Less than a month later, the ripples from the San Francisco murders reached
civil rights worker Dennis Sweeney. On March 14, 1980, Sweeney shot seven
bullets point-blank into his former friend, Congressman Allard K. Lowenstein, at
Lowenstein’s New York City law offices. Activist Lowenstein had marched in the
1964 Freedom Summer in Mississippi, campaigned for Robert F. Kennedy, authored
the "Dump Johnson" movement, and ran the National Student Association, which was
later revealed to be CIA-subsidized. After the shooting, Sweeney sat down,
smoked a cigarette, seemed to be in a trance state, and calmly waited for the
police to arrive.
During his trial, Sweeny testified that the CIA (with Lowenstein's help) had
implanted a chip in his head 15 years earlier, and he could hear voices
transmitted through his dental work.
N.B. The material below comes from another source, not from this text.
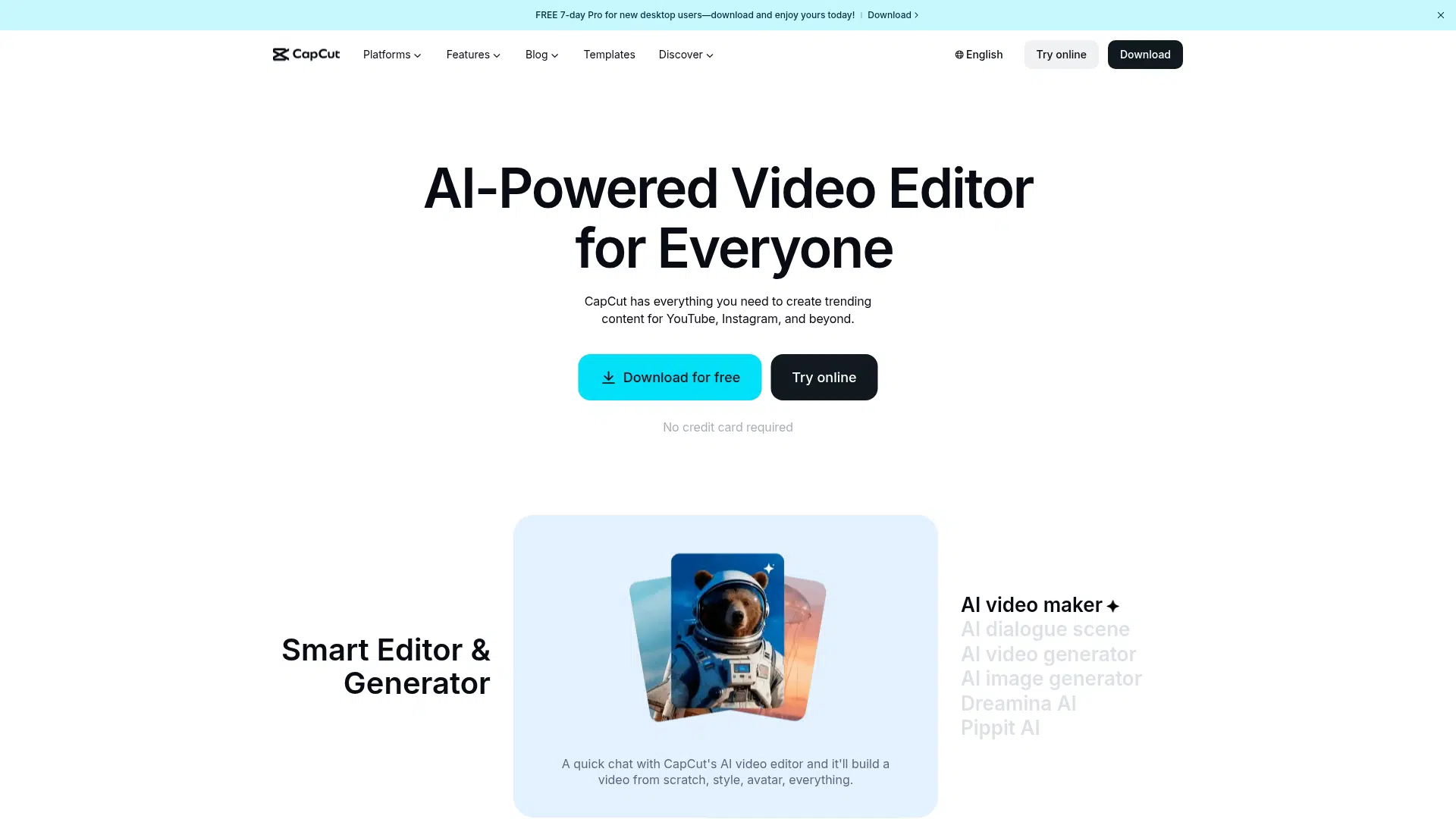CapCut AI is a versatile video and image editor for content creators and marketers, offering AI-powered generation and smart editing features. It helps users create trending content for social media platforms like YouTube and Instagram with ease. Available across desktop, web, and mobile, CapCut provides a free tier with a 7-day Pro trial for desktop users.

Sweeny blamed CIA “controllers” for his
uncle's heart attack and the assassination of San Francisco mayor George Moscone.
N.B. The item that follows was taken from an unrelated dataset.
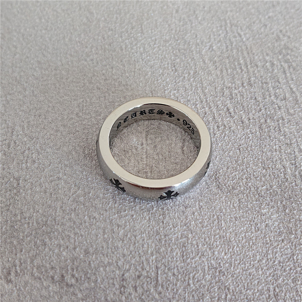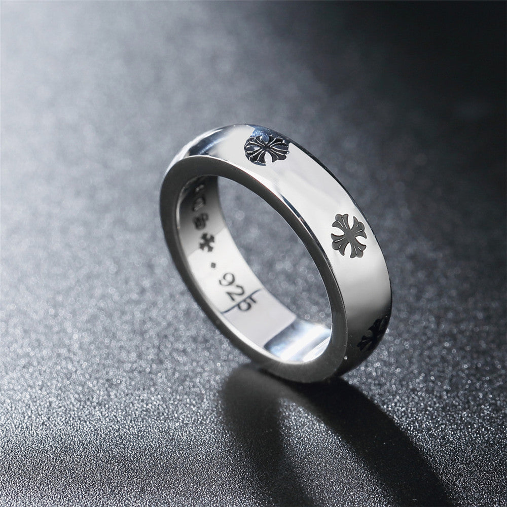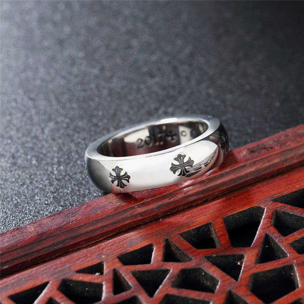 Simple Cross Flower Pattern Titanium Steel Ring for Men

Sweeney was found not guilty by reason of insanity, and in 2000, was released
from a mental hospital in upstate New York. (The media loved the
Sweeney-Lowenstein story. Teresa Carpenter even won a Pultizer Prize for her
Village Voice exclusive, quoting Sweeney saying that the shooting was a gay
lovers’ quarrel. The only trouble was that Carpenter never interviewed Sweeney;
she had made the whole thing up.)
Other deaths followed. Joe Mazor, the private detective hired by the Concerned
Relatives to persuade people to leave Jonestown, was shot dead a few years after
the Mertles/Mills deaths. Walter Rodney, an intellectual and renowned Caribbean
scholar born and raised in Guyana, was assassinated there on December 13, 1980,
via a bomb-implanted walkie-talkie. Paula Neustel Adams, Jim Jones's top liaison
in the upper echelons of the Guyanese government, was murdered in suburban
Bethesda, Maryland in October 1983. Her longtime companion, Laurence Mann,
Guyana's ambassador to the United States from 1975-81, apparently killed her,
their child and then himself, in a murder-suicide. Members of the Jonestown
Institute and author Garrett Lambrev have written that many questions remain
unanswered about the true extent of all the copycat suicides, murder-suicides,
and murders that occurred since the Jonestown massacre.
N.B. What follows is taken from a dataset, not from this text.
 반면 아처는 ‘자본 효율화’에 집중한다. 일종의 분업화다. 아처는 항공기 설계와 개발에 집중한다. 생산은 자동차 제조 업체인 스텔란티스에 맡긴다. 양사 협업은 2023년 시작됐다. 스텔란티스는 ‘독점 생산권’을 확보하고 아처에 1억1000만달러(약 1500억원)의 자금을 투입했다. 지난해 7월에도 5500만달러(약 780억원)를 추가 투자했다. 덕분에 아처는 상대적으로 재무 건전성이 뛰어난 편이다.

The specter of Jonestown filled the newspapers for years and produced a
made‑for‑television movie called Guyana Tragedy: The Story of Jim Jones (1980),
starring the then-new and unknown actor Powers Boothe in a highly acclaimed
performance as Jones. The Jonestown event had other broad cultural outcomes
besides creating a model for mass suicides. For example, despite the actual use
of Flavor-aide, the media had quickly mislabeled what was used as “Kool Aid,”
and worldwide sales of Kool Aid crashed. Another lasting linguistic legacy of
the People’s Temple tragedy is the expression, “Don’t drink the Kool-Aid.” This
has come to mean, “Don’t trust any group you find to be a little on the
fanatical side.”
© Loren Coleman 2004 ~ from The Copycat Effect (NY: Simon and Schuster, 2004).